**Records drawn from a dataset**
= Beginning of Section =

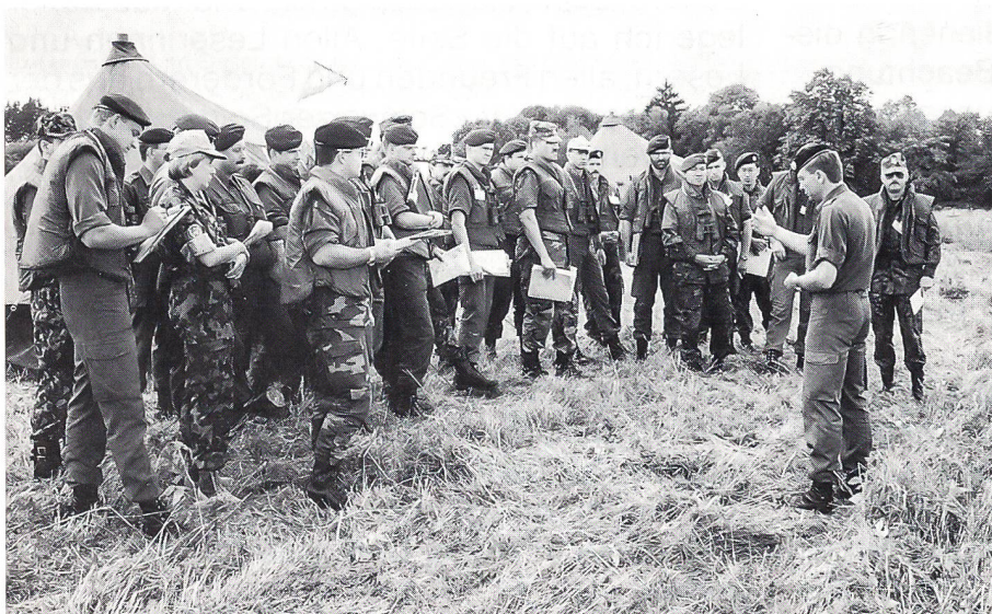
Truppenübungsplatz Allenstein, Österreich, UN-Militärbeobachterkurs UNMOC, Juli 1995: «Befehlausgabe OP-Exercise».

Schweizer Sanitätseinheit – Swiss Medical Unit (SMU), der UNTAG, Namibia 1989 (vier Monate), UNO-Militärbeobachterkurs, Österreich 1995.
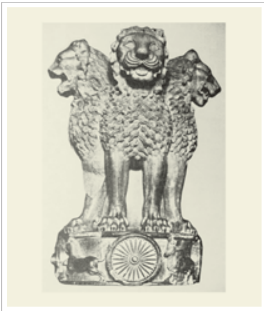
■ تصویر ۳: سر ستون سارانات، دوره آشوکا، ۱۵۰/۲ متر، ۲۵۰ ق. م.

نوع دیگری از معماری بودایی معابدی به نام استوپا ۱۱ است. استوپا بنایی توپر به شکل نیمکره است که از جنس خاک، آجر یا سنگ ساخته شده و در مرکز آن بقایای خاکستر بودا و قدیسین قرار دارد. ۱۲ الگوی این شکل از معماری برگرفته از گورتل های هندو است. بر فراز استوپا میله‌ای قرار می‌گیرد که «یاستی» نامیده شده و با صفحاتی گرد یا چترواره ۱۳ مزین می‌شود. حصار مربع شکل به نام «هارمیکا» ۱۴ اطراف یاستی را در بر می‌گیرد. استوپا با نرده‌ای از اطراف خود جدا می‌شود. از آنجا که استوپا حجمی توپر است و امکان ورود به آن وجود ندارد، نیایشگران در جهت عقربه‌های ساعت در اطراف آن طواف می‌کنند. استوپای «سانچی» ۱۵ بیش از سایر استوپاها معروف بوده و در قرن اول قبل از میلاد در هند بنا شد. (تصاویر ۴ و ۵)
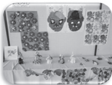
瀬峰デイサービスの皆さんの作品
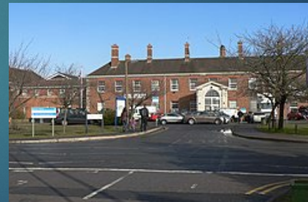
Ysbyty Athrofaol Llandochoau

= End of Section =

**Task**
The result is a copy of every line above where the word "Militärbeobachterkurs" shows up.

**The answer**
Truppenübungsplatz Allenstein, Österreich, UN-Militärbeobachterkurs UNMOC, Juli 1995: «Befehlausgabe OP-Exercise».
Schweizer Sanitätseinheit – Swiss Medical Unit (SMU), der UNTAG, Namibia 1989 (vier Monate), UNO-Militärbeobachterkurs, Österreich 1995.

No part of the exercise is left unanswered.